Engage and disengage... again...

We’ve seen enough threads on this that I hate to open another, but here goes:

In our last game we had a Fight where Player A had fried his opponent with White Fire (no arcing… yay!), and then turned his attention to the opponent © getting the best of his friend (B). At the end of the exchange, B was engaged with C and A was unengaged. A wanted to engage C. C was happy to vie for position with B, but didn’t want anything to do with A. Can C avoid being engaged by A while remaining engaged with B?

A follow-up would be whether you can “selectively disengage” from opponents. If you are fighting 2-on-1, can you vie for position with one opponent and disengage from the other? (or would you have to disengage from both, and then, if successful, reengage with one of them?)

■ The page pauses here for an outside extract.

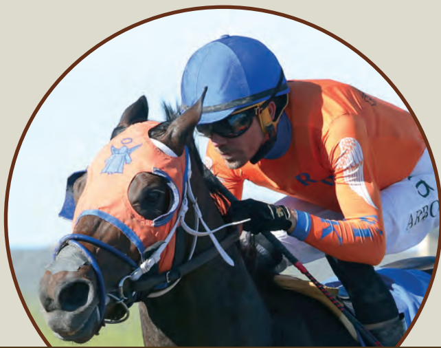
2018 Champion Arizona-Bred Three Year Old Colt/Gelding Fortified Effort

I’ve been wrong before in threads like this, but failure is how we improve our skills so I’ll have a go at this one.

The answer is no. He has to either disengage or vie for position. If he vies for position, he only rolls once and compares his successes to both opponents - so he could be at the advantage for one and at a disadvantage for the other. If he disengages, his roll is again compared to both. If he really wants to be engaged with B but not A, perhaps his best bet is to disengage and hope B beats him and A doesn’t.

Why not disengage from both. Then engage with the one you want. You have to beat them twice, but you get just what you want.

This is how we played it (though we didn’t think of disengaging from both at the time), so if you’re wrong, you’re in good company (at least from my perspective…).

Sounds good to me. You’re right, it’s harder… but it probably should be.

Depending on the situation, I can see an intent of “I stay engaged with B but keep away from A” make sense. In which case, they Vie for Position and try to beat A and B. No matter your intent, I’d say you can’t roll to disengage and vie for position on the same exchange.

When you advance into combat, there’s no mincing. No “I’m not going to fight THAT guy, but I’ll fight THIS guy.” You wade in and attempt to put yourself at your best advantage. So when you engage, you’re trying to get your best advantage over everyone squaring off with you. There is no split intent engagement test. Being outnumbered is troublesome. And if you’re outnumbered, you should probably withdraw…unless you’re confident you can press home your attack and quickly win the day.